A conversation with God

Note sul cortometraggio di Tsai, girato in digitale.

A CONVERSATION WITH GODdi Tsai Ming-liang

 

«Sono saltato in sella alla mia moto con la mia videocamera digitale»: all'opposto dei formalismi di Akomfrah, Tsai Ming-liang materializza il fantasma digitale proposto dalla serie coreana nella liberazione del gesto espressivo, nella rilucenza di una fisicità dello sguardo incarnata nella ideale soggettività consentita dalla leggerezza del mezzo. Il corto di Tsai Ming-liang ha infatti un potere estemporaneo, una disincantata capacità di dissolvere qualsiasi aura immateriale dalle immagini catturate che lascia senza parole,come ripuliti di senso a fronte della forza lustrale di questo semplicissimo lavoro.

Il pretesto di un pedinamento della bellezza che si schianta contro la barriera di un ingorgo e di una festa di quartiere si tramuta nell'occasione per definire un tempo e uno spazio dello sguardo che disincarna qualsiasi alterità.
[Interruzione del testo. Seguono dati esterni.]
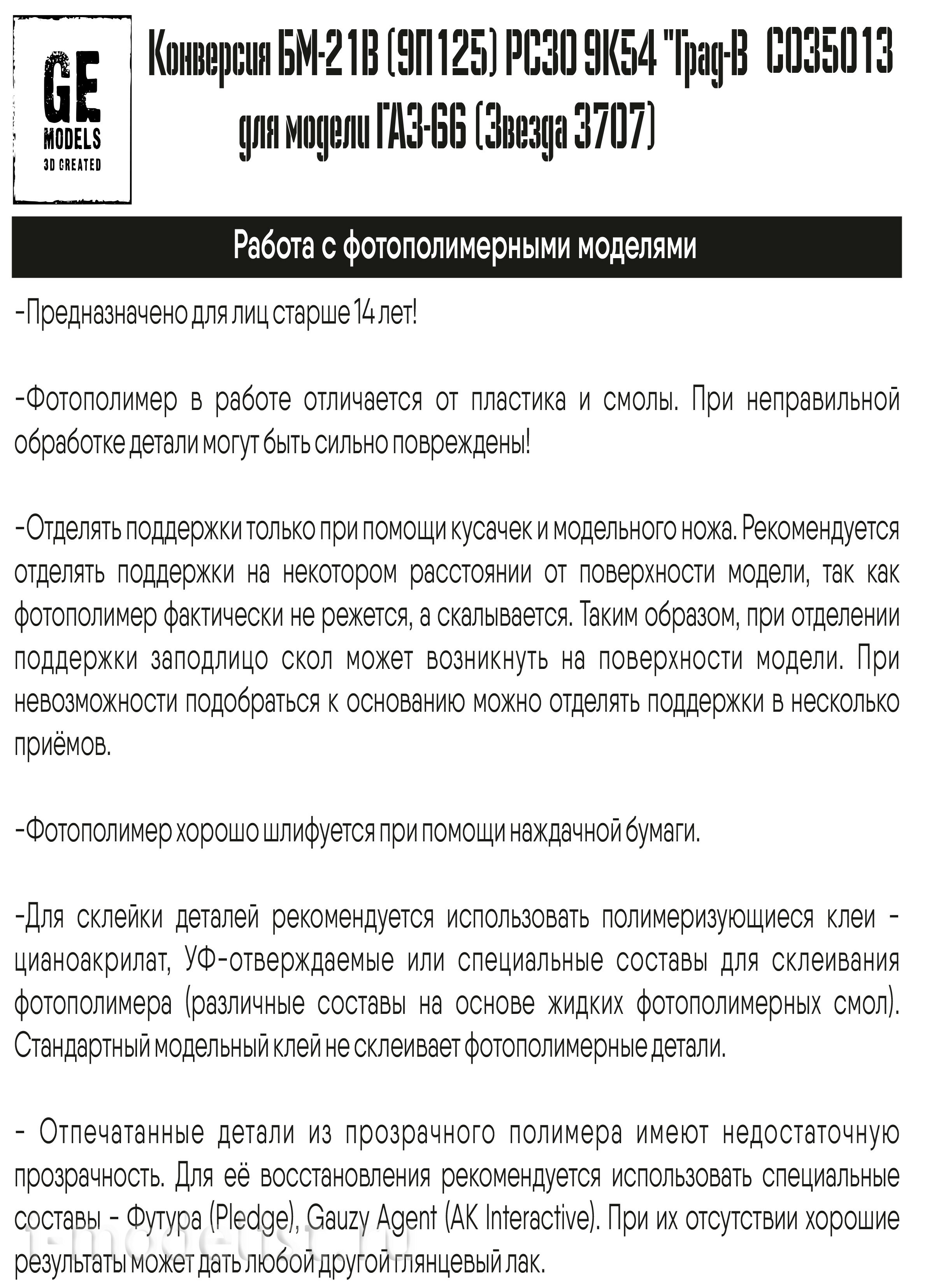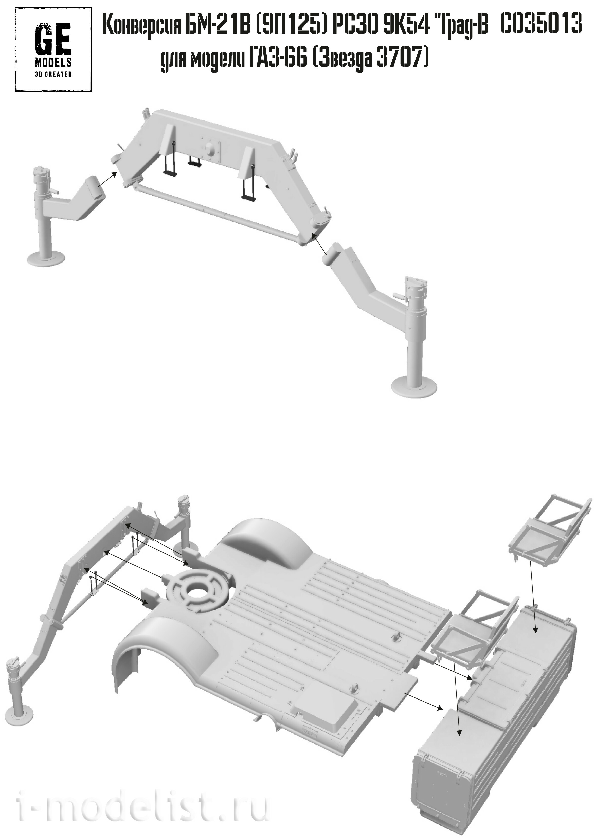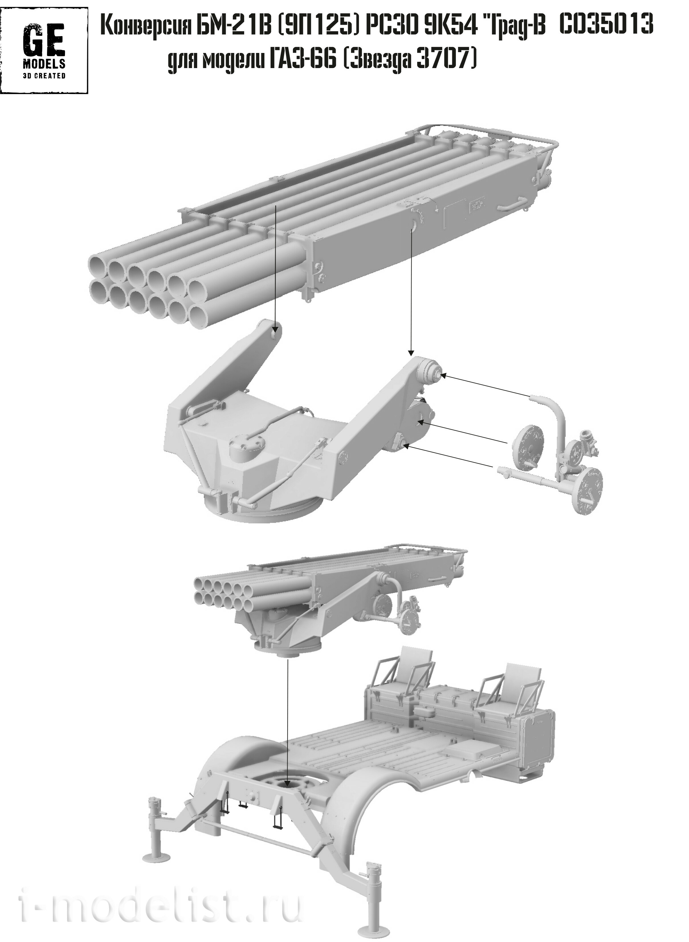 CO35013 GE Models 1/35 Конверсия в БМ-21В (9П125) РСЗО 9К54 "Град-В" на шасси модели фирмы "Звезда", арт. 3707 (возможна сборка в боевом и в походном положении)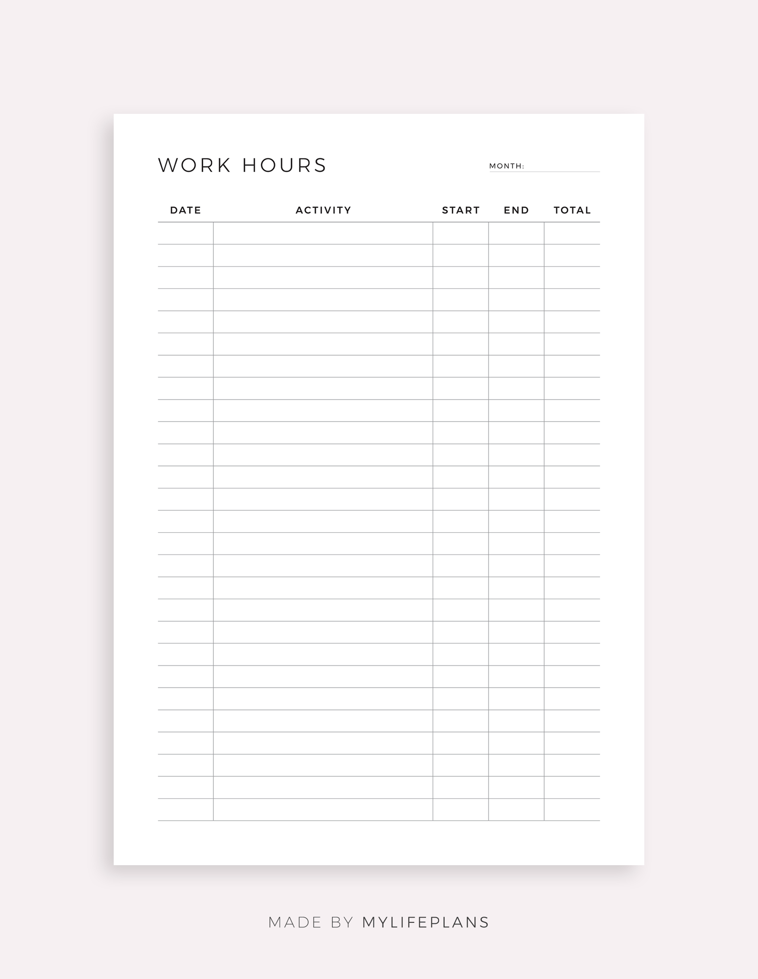 Working Hours Log Printable, Work Time Tracker, Activity Tracker, Time Spent, Task Tracker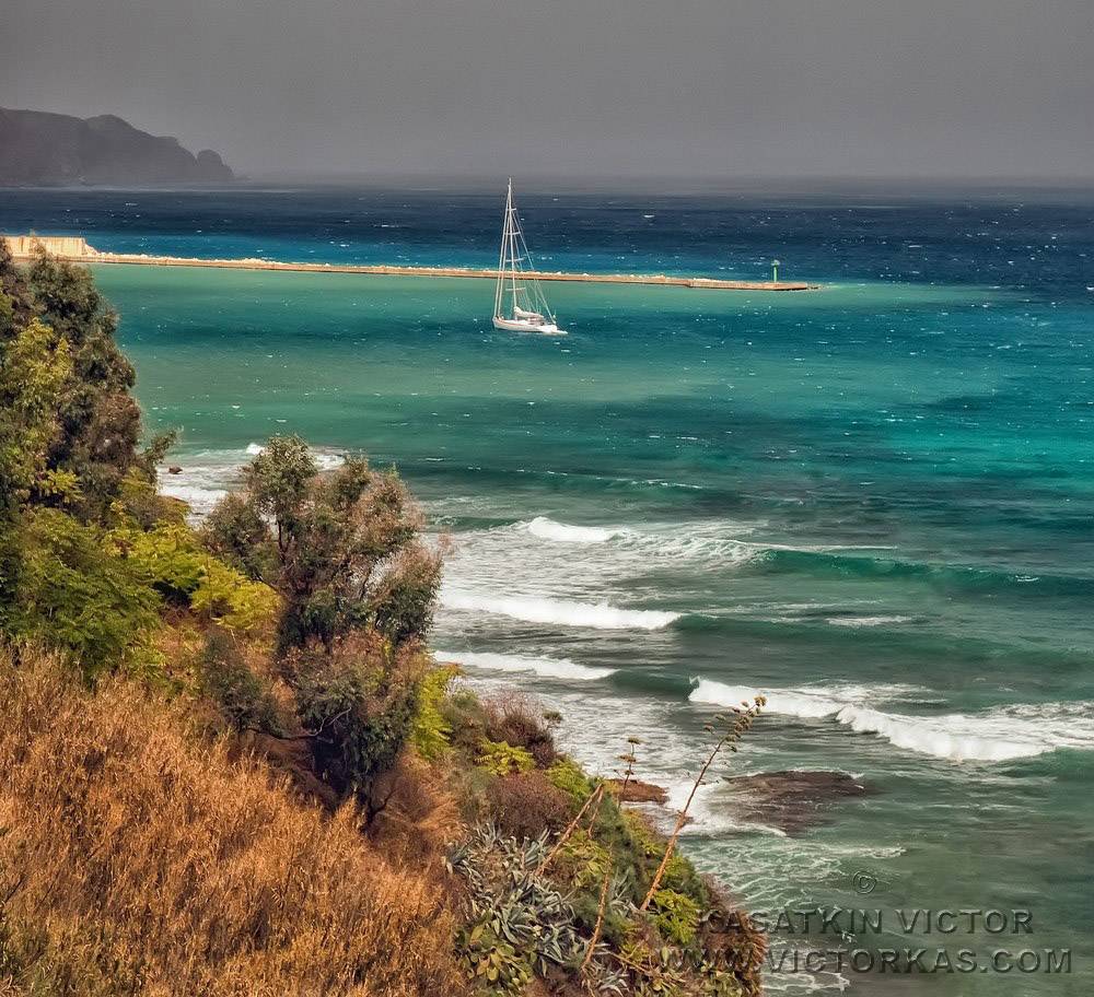На следующий день, с утра штормило. Нет, не меня штормило, а средиземное море. По небу гуляли тяжелые тучи, по морю “барашки” и волны.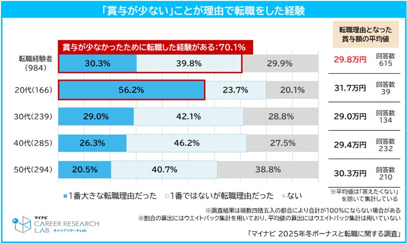 ◆転職経験者の約7割が「賞与が少ない」ことが理由で転職をした経験がある。転職理由となった賞与平均額は29.8万円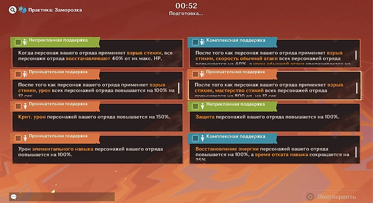 ● Подбирайте состав под тему реакции. Даже если не успели заранее посмотреть, тема покажется перед началом уровня. Если тема – Пар, используйте Пиро и Гидро персонажей, Горение – Пиро и Дендро. Если не используете бафф, теряете в уроне.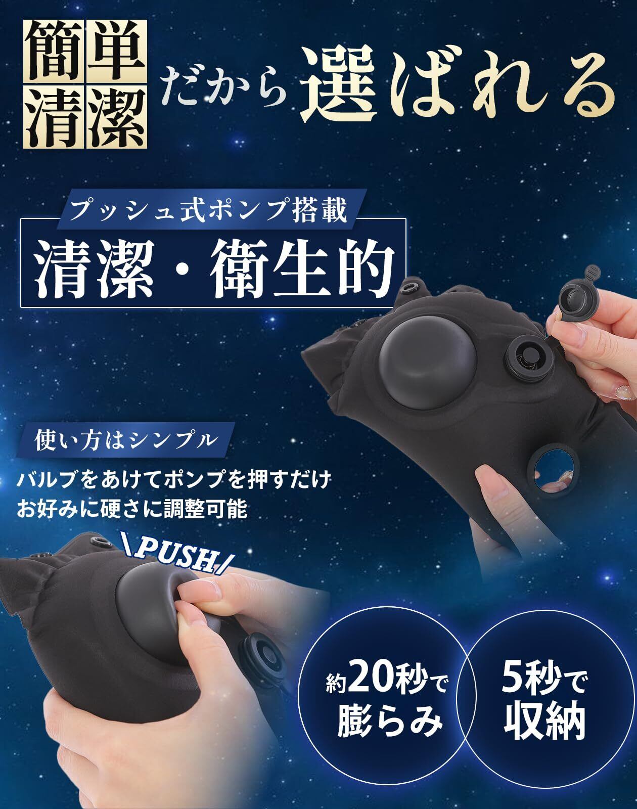 【エアーポン式で硬さ調整は自由自在】ポンプ式を採用したエアーネックピロー。口をつけずに膨らますから感染リスクや衛生的にも安心で常に清潔にご使用いただけます。さらに、約20~30秒押すだけで理想のまくらに大変身、空気の量を調整すれば好みの硬さにできるので男女問わずご使用いただけます

Il potere ancestrale di un "montaggio in macchina" che si affida alla sostanza della presa diretta, si traduce in A Conversation with God nell'emergenza di un disordine adagiato sulla materialità fattuale di corpi, suoni, luci,colori. Le smagliature di uno scenario che si offre da sé all'obbiettivo del regista taiwanese come forza vitale permette allo sguardo digitale di abitare la trasparenza dello stare di fronte ai corpi e agli oggetti del mondo:«Il digitale consente di entrare in contatto col pubblico su un piano personale», dice Tsai Ming-liang, rimandando però a chi sta dopo la telecamera, non di fronte né dietro. Perché ciò che maggiormente si sente in questo lavoro è l'impercezione del tempo e dello spazio occupati dal suo stare in quella festa,tra quei tavoli,in mezzo a quella gente.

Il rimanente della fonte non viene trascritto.